Паучиха. Личное дело майора Самоваровой Елизарова Полина
Самоварова долго глядела на имя и цифры, застывшие на экране, затем ткнула дрожащим пальцем в кнопку вызова.
Ей не ответили.
Выждав несколько бесконечно долгих минут, снова набрала номер — ответом были все те же длинные гудки.
Намывая лопату под струей гаражного шланга, Инфанта почувствовала резкую, острую боль в пояснице.
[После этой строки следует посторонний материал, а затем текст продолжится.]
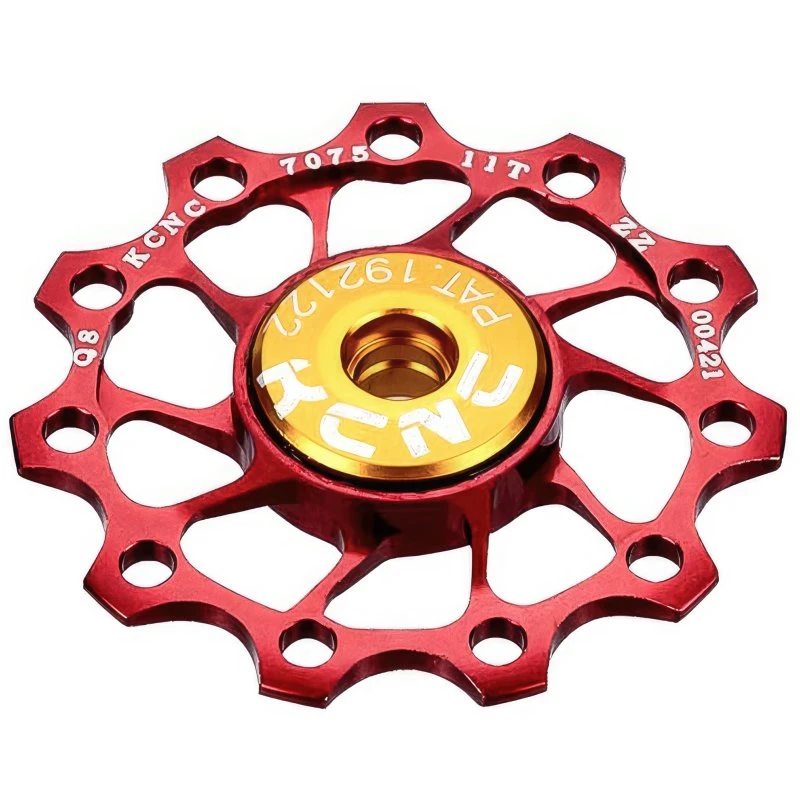 Diese ultraleichten Schaltrollen stellen das Maximum des technisch Machbaren dar, denn bei ihrer Herstellung wurden seitens KCNC alle Register in Bezug auf die Bearbeitung von Aluminium gezogen. Herausgekommen ist ein wahrer Höhepunkt der CNC-Fräskunst und damit eine Schaltrolle, welche hinsichtlich ihrer extravaganten und minimalistischen Optik, ihrer einzigartigen Funktionalität, sowie ihres geringen Gewichts keinen Vergleich scheuen muss. Für einen geräuscharmen und perfekten Rundlauf werden die Rollen aus hochwertigem Aluminium CNC-gefräst und anschließend mit einer farbigen Eloxalschicht nicht nur optisch veredelt, sondern auch deutlich haltbarer gemacht. Ein sehr reibungsarmer und präziser Lauf wird durch die Verwendung von hochwertigen und langlebigen Kugellagern erreicht. Bezüglich der Ausführung der Fräsung greift KCNC auf eine langjährige Erfahrung auf diesem Gebiet zurück und schafft es auf diese Art, den Schaltrollen einen extrem reduzierten Look und eine markante Optik mit hohem Widererkennungswert zu verleihen, der auch dein Bike zu etwas ganz Besonderem macht. Diese Schaltrollen sind ein Muss für alle Technikfreaks und Grammfeilscher! Passend für die Schaltwerke verschiedener Hersteller sind die Schaltrollen in den entsprechenden Zähnezahlen erhältlich. Eine Kompatibilität mit den gängigen Schaltwerken von SRAM, Shimano und Campagnolo ist somit gegeben.

За всю свою жизнь она не трудилась столько физически, как в последние два дня.
Хронические боли в шее и под лопатками, когда сидела за швейной машинкой в путяге, не шли ни в какое сравнение с тем, что сейчас испытывало ее нестерпимо ноющее тело.
Кости и череп она прикопала глубоко под яблоней, посаженной псом по весне.
Тщательно вытерев тряпкой вымытую лопату, вернула ее на место — на стену гаража, где, в аккуратном порядке, висели на крючках садовые инструменты.
Затем вернулась в дом и налила себе коньяка.
Присев со стаканом возле яблони, вдруг вспомнила давно забытую песню о яблоньке, которую девчонки, вечером разлегшись по койкам, любили петь в детдоме.
Поцеловав ствол подмерзшего голого деревца, Инфанта тихо запричитала:
— А ведь ты единственный, кто любил меня… кто чувствовал меня, как никто другой… кто слышал меня… кто предан был до гроба… кто не потерпел соперника… Немая любовь — самая верная… Прощай, мой друг! Пусть звезды над этой яблоней горят так же ярко, как твоя любовь…
Утерев рукавом найденной в подвале детской беличьей шубки жидкие, но честные слезы, Инфанта вернулась в дом.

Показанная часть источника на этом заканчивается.